EconomyNext – Rubber prices are likely to remain low despite expectations of a recovery this year given slow global demand in and surplus stocks with the collapse in crude oil prices, according to Sri Lanka’s biggest producer.
Kegalle Plantations said its rubber production fell 12 percent to 3,534 metric tons in 2014 from the year before and that it accounts for about four percent of the island’s production.
The company’s chairman Sena Yaddehige said this year is expected to be a “challenging” year with forecasts that tea prices will further decline and rubber prices will continue to remain weak due to the “sluggish demand” in the world market.

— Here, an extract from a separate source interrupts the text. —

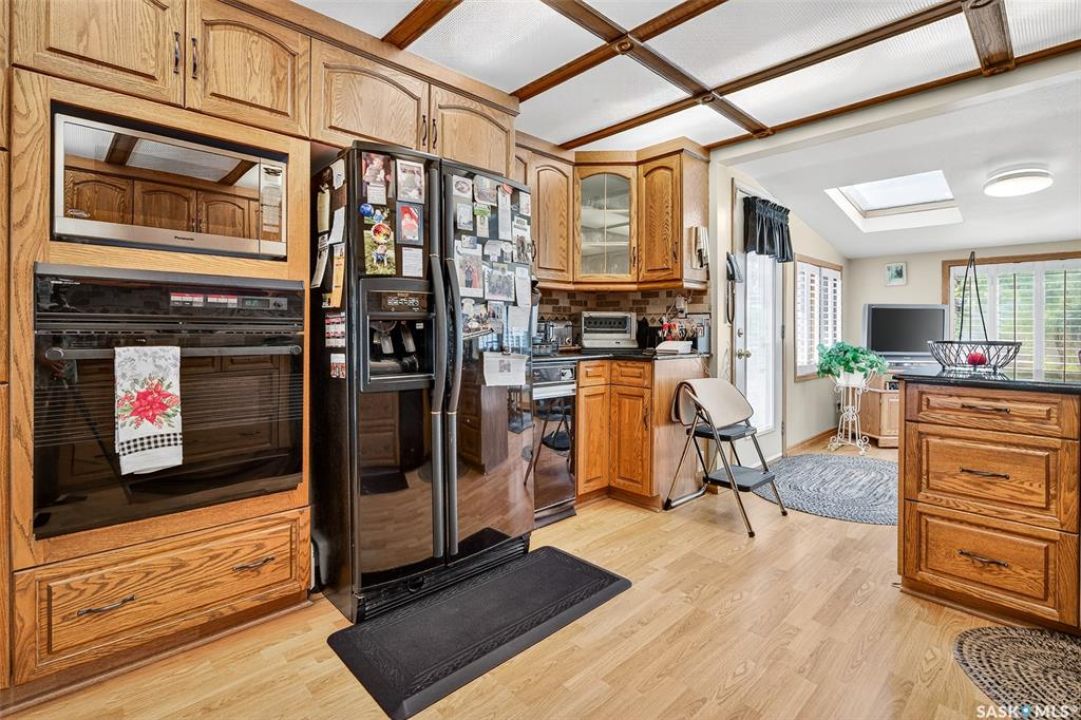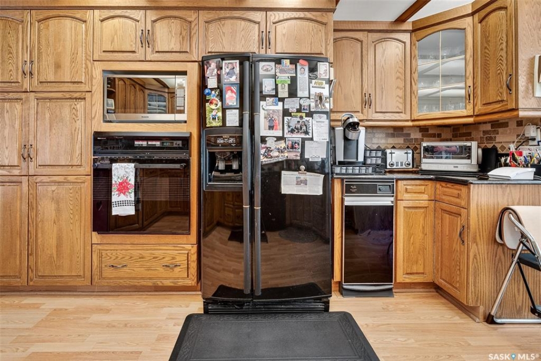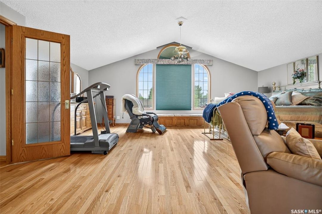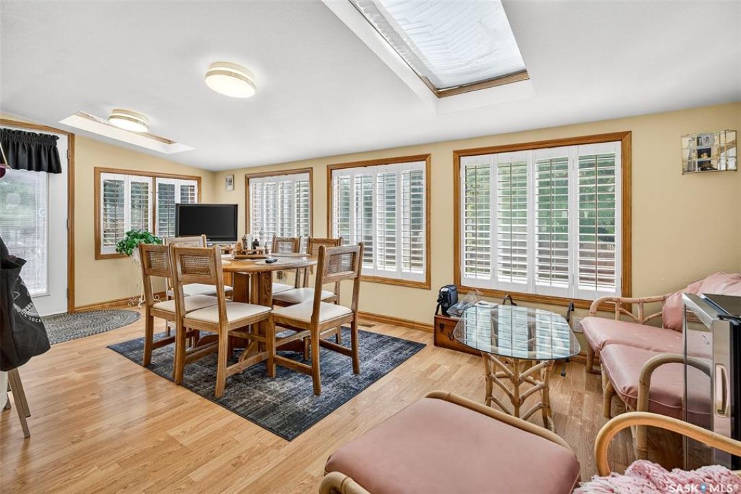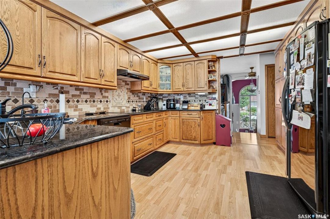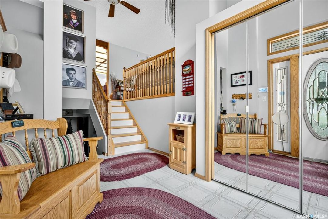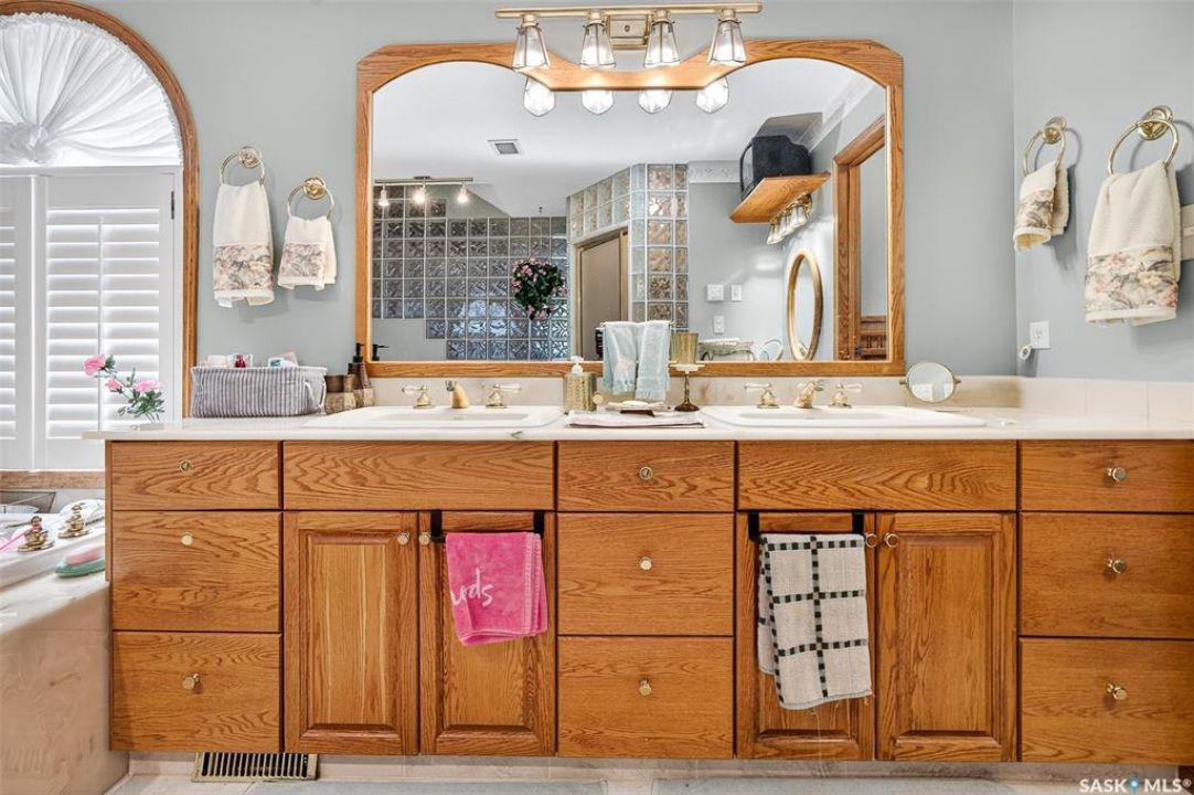 Custom...Comfort...Space!! Perfectly designed space in this modified bi-level home on popular NW crescent. Welcoming immense foyer leads to 3 levels of over 2400 sq feet of elegance. Large living room with bow window flows into a formal dining area with pillars and a bay window. The "chef" kitchen has an abundance of darker cabinetry, pantry, appliances and adjoins a bright southern facing sun room with skylights and overlooks a park-like yard. 2 bedrooms and a full bath complete this level. A few steps up to a custom designed primary bedroom that boasts a fireplace, window seat and mirrored french doors that lead to a 22x9 walk-in closet with built-in dressers, providing a quiet retreat. There's a 5pc ensuite that would make anyone envious with in-floor heat, jetted tub and make-up counters and table. Enjoy the finished basement! Family room has a wet bar, a bedroom/den with a gas fireplace, full bath and utility room. The large laundry/mud room has access to the double heated garage and the back yard oasis. You can access the manicured, fenced back yard from either level. Enjoy the large comfortable deck and patio for relaxing or the brick fireplace/BBQ on those special days!!

“We are anticipating a surplus rubber stock with the reduced oil prices,” he has told shareholders in the company’s annual report.
Producers are under pressure owing to lower global demand for natural rubber accompanied by economic downturn and large stockpiles accumulated in major buying countries like China, Japan and Europe.

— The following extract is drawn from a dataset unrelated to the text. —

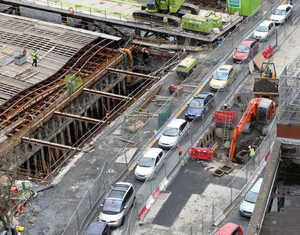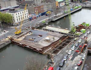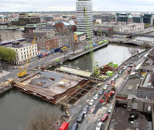 Views from the roof of O Connell Bridge House on ongoing building works of the new Marlborough street Bridge in Dublin which will connect the Green and Red luas lines when complete.
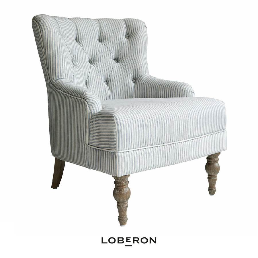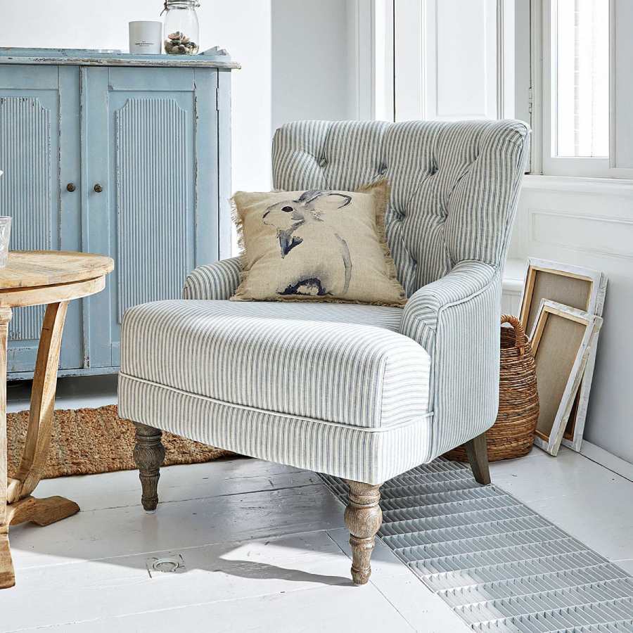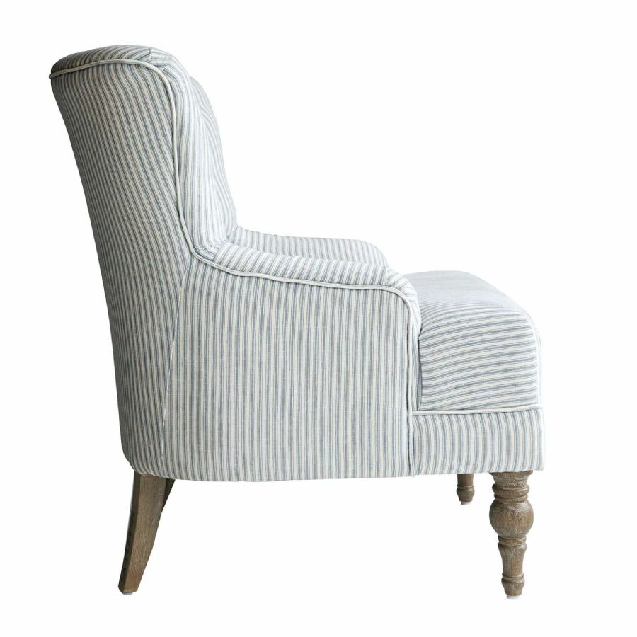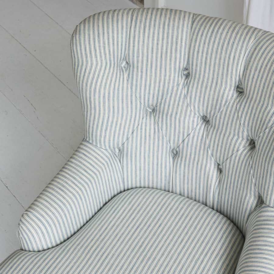 Superbe fauteuil de style britannique avec un capitonnage Chesterfield classique. La housse est en lin à motif rayé et les pieds sont en bois de chêne tournés à la main. Il offre un grand confort d’assise.

Lower oil prices have also encouraged a shift to synthetic rubber use, Kegalle Plantations said.
“The declining trend in the global rubber market is expected to be continued to the next period due to large stockpiles accumulated in major buying countries although their expectations were to recover within 2015,” it said.
“Weakening crude oil prices prompted the demand for synthetic rubber placing further downward pressure on natural rubber prices.”